What if the journal or publisher rejects me? Well, they can, they will and they do. Early on in my submissions venture I did what no writer should do. After a “snarky” (or so I thought) rejection via e-mail, I sent a snarky e-mail right back to a reader that said, “I wouldn’t expect someone living in NY City to understand what it’s like to live in Alaska.” Ooops. I wouldn’t ever do that now (but I would think it).
What submitting to journals and anthologies does for me is that it makes me more confident about the submission process. Becoming familiar with the process makes rejection hurts less. Over the last few years I’ve received a ton of rejections but my acceptances are nearly as many. On one occasion, I received a rejection and two acceptances all in the same day.

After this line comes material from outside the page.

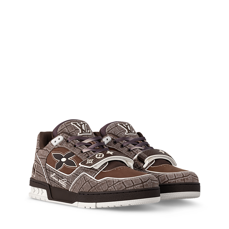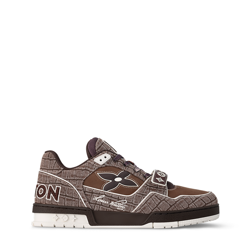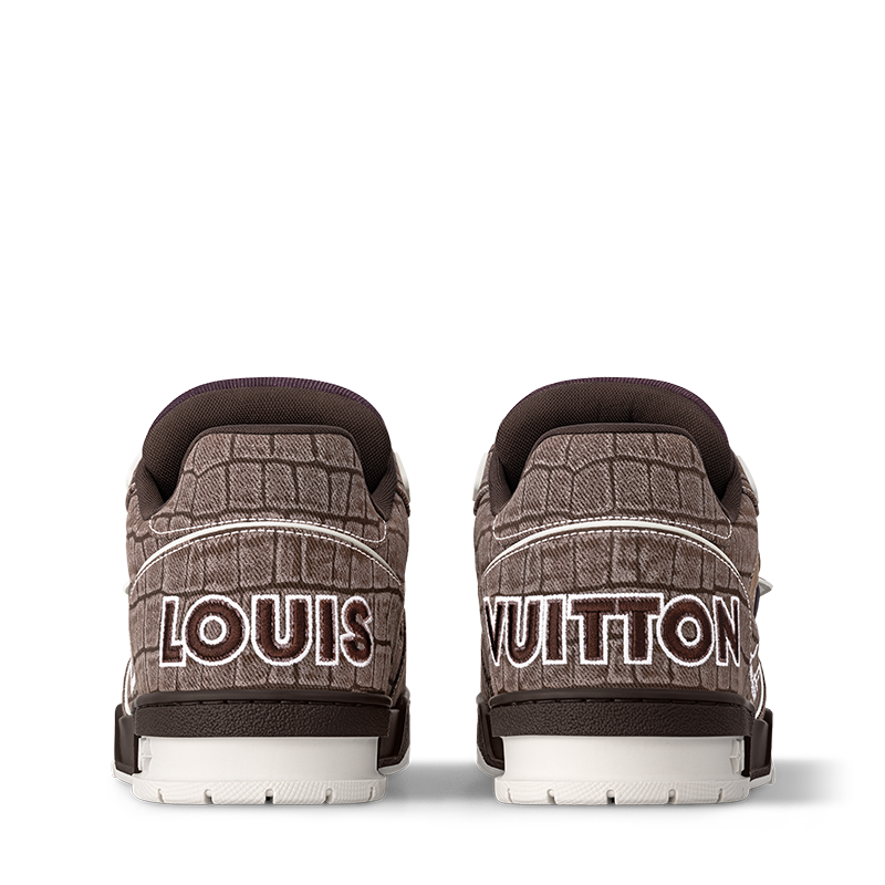 The iconic LV Trainer sneaker is revisited in denim embossed with a crocodile motif. Inspired by vintage basketball sneakers, this model displays an array of House emblems, including the Louis Vuitton script signature, while Monogram Flowers appear on both the upper and outsole. It is fastened with gradient laces and an adjustable velcro strap.

I am confident enough, now, to send my work to some biggies: Poetry, Prairie Schooner, Ploughshares, Alaska Quarterly Review, but with no luck so far.

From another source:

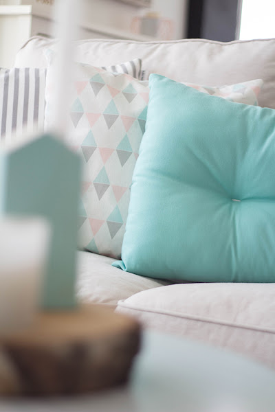 Mint, rosa y gris como colores principales. Par el sofá cojines cómodos y mullidos, ideales para las largas siestas de los domingos y mezclados con los ya antiguos rayas y estrellas, yo soy bastante de básicos porque son muy fáciles e combinar en cualquier época del año.

When I first started to send out poetry, my husband, Howie Martindale, also a poet in the same MFA program, proudly tacked each rejection note to my corkboard next to my desk. I was appalled; I didn’t want anyone to see them. He said he was only doing what Stephen King claimed to have done in his memoir On Writing. King proudly displayed a wall full of rejections before he got published. Nope; that wasn’t going to work for me. I keep my rejections in a file in my file cabinet if they come in by postal mail. If they come in by email, which is most of the time, I file them in a special file called "Writing Crap."
Now, I’m an editor for a journal called Flashquake and I’m on the other end of the rejection. It’s my job to reject or accept poetry and prose. Flashquake requires editors to write one or two sentences about why we reject a piece and, believe it or not, I’ve received emails back from those I’ve rejected thanking me for the feedback. I really try hard to give constructive feedback though sometimes I want to say, “This is really, really bad,” but I don’t because I know how it feels to receive a rejection in the inbox. Now that I’ve experience being an editor, I know that sometimes my rejected poems weren’t ready to be sent out yet. And sometimes my poems just didn’t fit the journal aesthetics. Perhaps the journal’s editor had certain tastes and, like me, thought that no matter how well written, a flash fiction piece on quark dust mining on the planet Darcon just didn’t sit right.
So, no, Sandra, I’m not fearless, I’m just getting used to the rejection; I’m developing a thick skin. Once in a while, an acceptance floats into my inbox with encouraging words. Recently an editor wrote, “We really love your work.” Another time, an editor said, “Your poem was the best poem published in our journal this year.” They nominated that poem for a Pushcart Prize. Those are the e-mails that give me hope, that keep my pointer finger hovering over the mouse, hesitating slightly before I press send.